*** Provided records ***

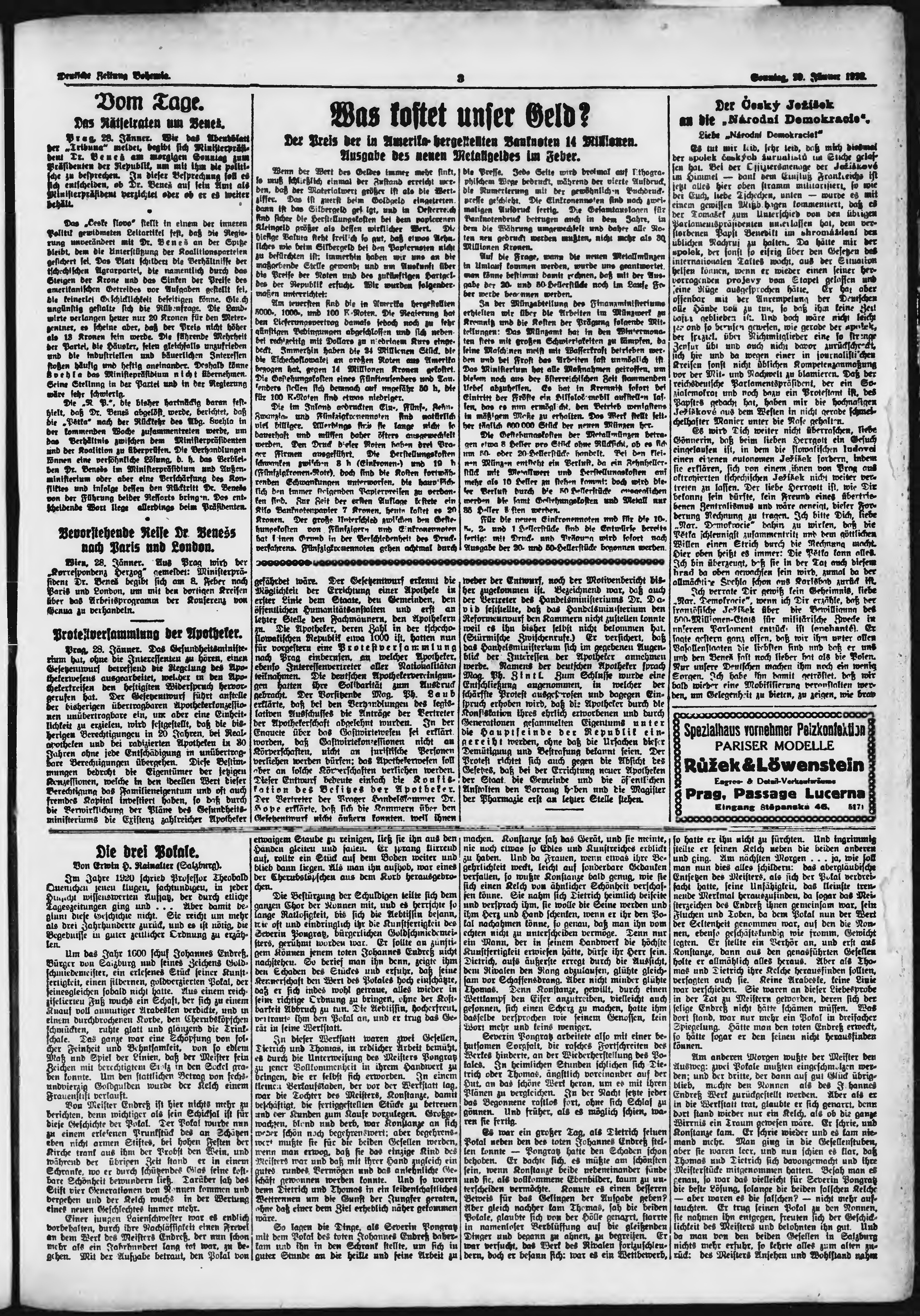 * Datum vydání výtisku: 29.1.1922 Číslo výtisku: 25 Poznámky k výtisku: ranní vydání;
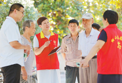 安徽淮北市相山区东山街道建国社区通过“村务会商”“邻里说事拉理”等方式,实现矛盾纠纷和群众诉求“一站式”解决。图为社区志愿者与群众交流。 |
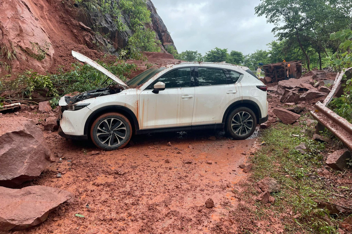 Tại hiện trường 2 phương tiện bị hư hỏng. Thời điểm xảy ra vụ sạt lở, trên chiếc xe tải có 3 người, xe con có 5 người. Tất cả đều bị thương nhẹ.
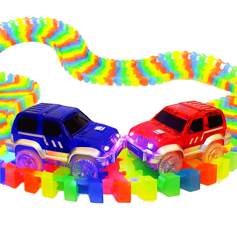 Железная дорога, волшебный светящийся гибкий трек, игрушки для детей, гоночный Железнодорожный трек, изгиб, электронный автомобиль, игрушки для детей, подарок, гоночный автомобиль
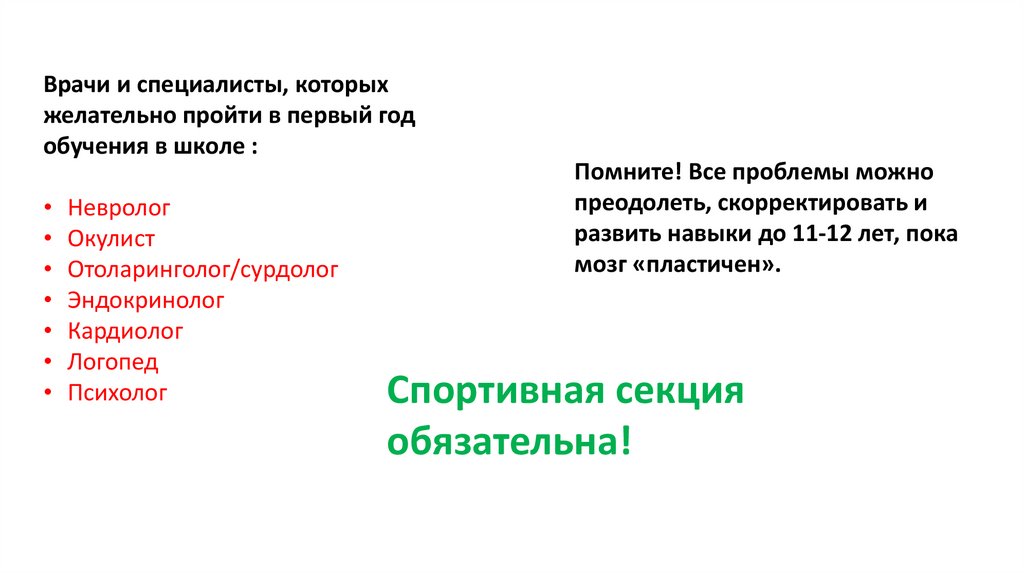 Врачи и специалисты, которыхжелательно пройти в первый год
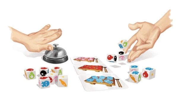 Be fast! Roll the dice faster than your opponent to cook the sushi recipe. Keep looking at your dice but also at your opponent’s… at the same time! Sushi Dice is a quick-playing dice game in which players compete head-to-head to complete a sushi dish first, with the sides of the dice representing food used in the composition of sushi. Each turn, three cards are revealed in the center of the table, and two players compete with six dice each, rolling the dice simultaneously and continually to try to match one of the dishes first. You can set aside any dice you want to keep, but if one of the players notices that his opponent has rolled a Yuck symbol (before the opponent can reroll it), then he can yell out “Yuck!” and force that player to reroll any dice they’ve set aside. If any non-active player notices that both players have a Yuck symbol at the same time, they can yell “Chop!” and that ends their turn immediately, with the dice passing to the next players. Whoever completes a dish first keeps that card, and the first player to collect 4-6 cards (depending on the number of players) wins.
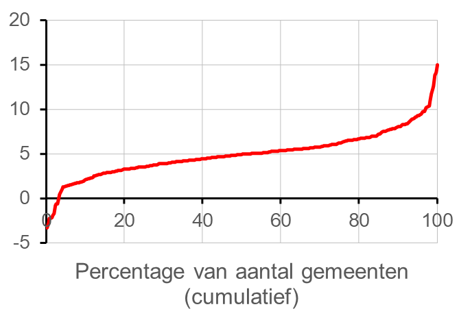 Figuur bij kaart 63 Mutatie totale decentrale lasten eigenaar-bewoner gerangschikt van laagste naar hoogste
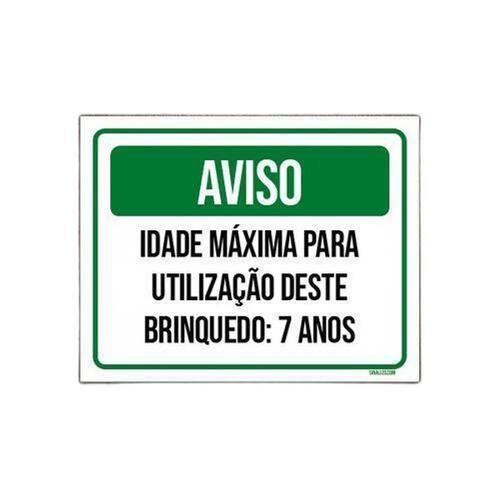 Kit 10 Placas Aviso Idade Máxima Utilização Brinquedo 7 Anos - Informações do Produto: Placas decorativas fabricadas com poliestireno de alto impacto PSAI de 2mm e adesivo vinil automotivo de alta performance. - Medidas: 18cm x 23cm - Fixação: Todas as placas possuem adesivo dupla face para aplicação em qualquer tipo de superfície lisa. Garantia de 12 meses e disponibilidade imediata. Marca: Sinalizo
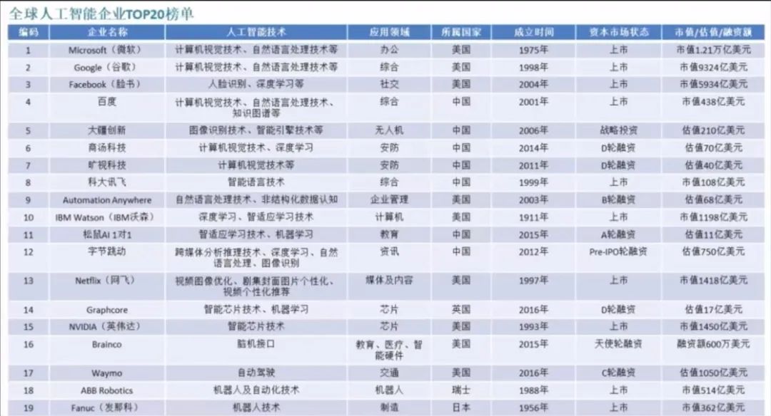 最近发布了全球人工智能企业的前20家的排名。大家可以看到,在20家的排名里,美国是8家,包括微软、谷歌。中国是7家,包括百度、大疆、商汤、旷视、科大讯飞、字节跳动等等。
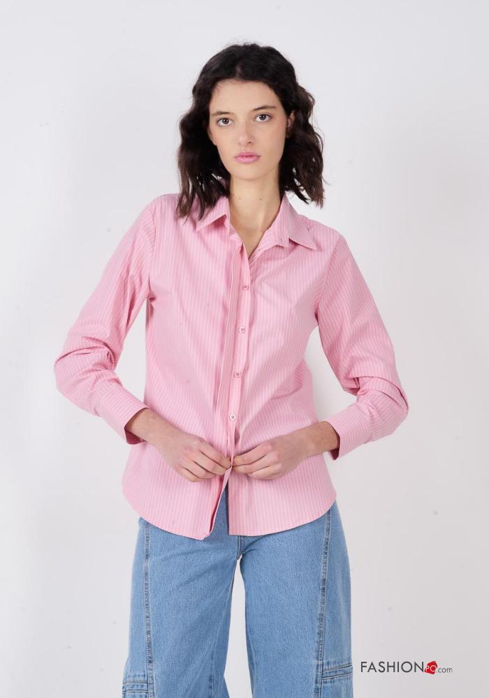 Camicia in Cotone maniche lunghe con colletto Fantasia righe con bottoni

*** End of Provided records ***

§ Exercise prompt:
Every record above should be duplicated precisely, with the images removed.

§ Solution to this problem:
 * Datum vydání výtisku: 29.1.1922 Číslo výtisku: 25 Poznámky k výtisku: ranní vydání;
 安徽淮北市相山区东山街道建国社区通过“村务会商”“邻里说事拉理”等方式,实现矛盾纠纷和群众诉求“一站式”解决。图为社区志愿者与群众交流。 |
 Tại hiện trường 2 phương tiện bị hư hỏng. Thời điểm xảy ra vụ sạt lở, trên chiếc xe tải có 3 người, xe con có 5 người. Tất cả đều bị thương nhẹ.
 Железная дорога, волшебный светящийся гибкий трек, игрушки для детей, гоночный Железнодорожный трек, изгиб, электронный автомобиль, игрушки для детей, подарок, гоночный автомобиль
 Врачи и специалисты, которыхжелательно пройти в первый год
 Be fast! Roll the dice faster than your opponent to cook the sushi recipe. Keep looking at your dice but also at your opponent’s… at the same time! Sushi Dice is a quick-playing dice game in which players compete head-to-head to complete a sushi dish first, with the sides of the dice representing food used in the composition of sushi. Each turn, three cards are revealed in the center of the table, and two players compete with six dice each, rolling the dice simultaneously and continually to try to match one of the dishes first. You can set aside any dice you want to keep, but if one of the players notices that his opponent has rolled a Yuck symbol (before the opponent can reroll it), then he can yell out “Yuck!” and force that player to reroll any dice they’ve set aside. If any non-active player notices that both players have a Yuck symbol at the same time, they can yell “Chop!” and that ends their turn immediately, with the dice passing to the next players. Whoever completes a dish first keeps that card, and the first player to collect 4-6 cards (depending on the number of players) wins.
 Figuur bij kaart 63 Mutatie totale decentrale lasten eigenaar-bewoner gerangschikt van laagste naar hoogste
 Kit 10 Placas Aviso Idade Máxima Utilização Brinquedo 7 Anos - Informações do Produto: Placas decorativas fabricadas com poliestireno de alto impacto PSAI de 2mm e adesivo vinil automotivo de alta performance. - Medidas: 18cm x 23cm - Fixação: Todas as placas possuem adesivo dupla face para aplicação em qualquer tipo de superfície lisa. Garantia de 12 meses e disponibilidade imediata. Marca: Sinalizo
 最近发布了全球人工智能企业的前20家的排名。大家可以看到,在20家的排名里,美国是8家,包括微软、谷歌。中国是7家,包括百度、大疆、商汤、旷视、科大讯飞、字节跳动等等。
 Camicia in Cotone maniche lunghe con colletto Fantasia righe con bottoni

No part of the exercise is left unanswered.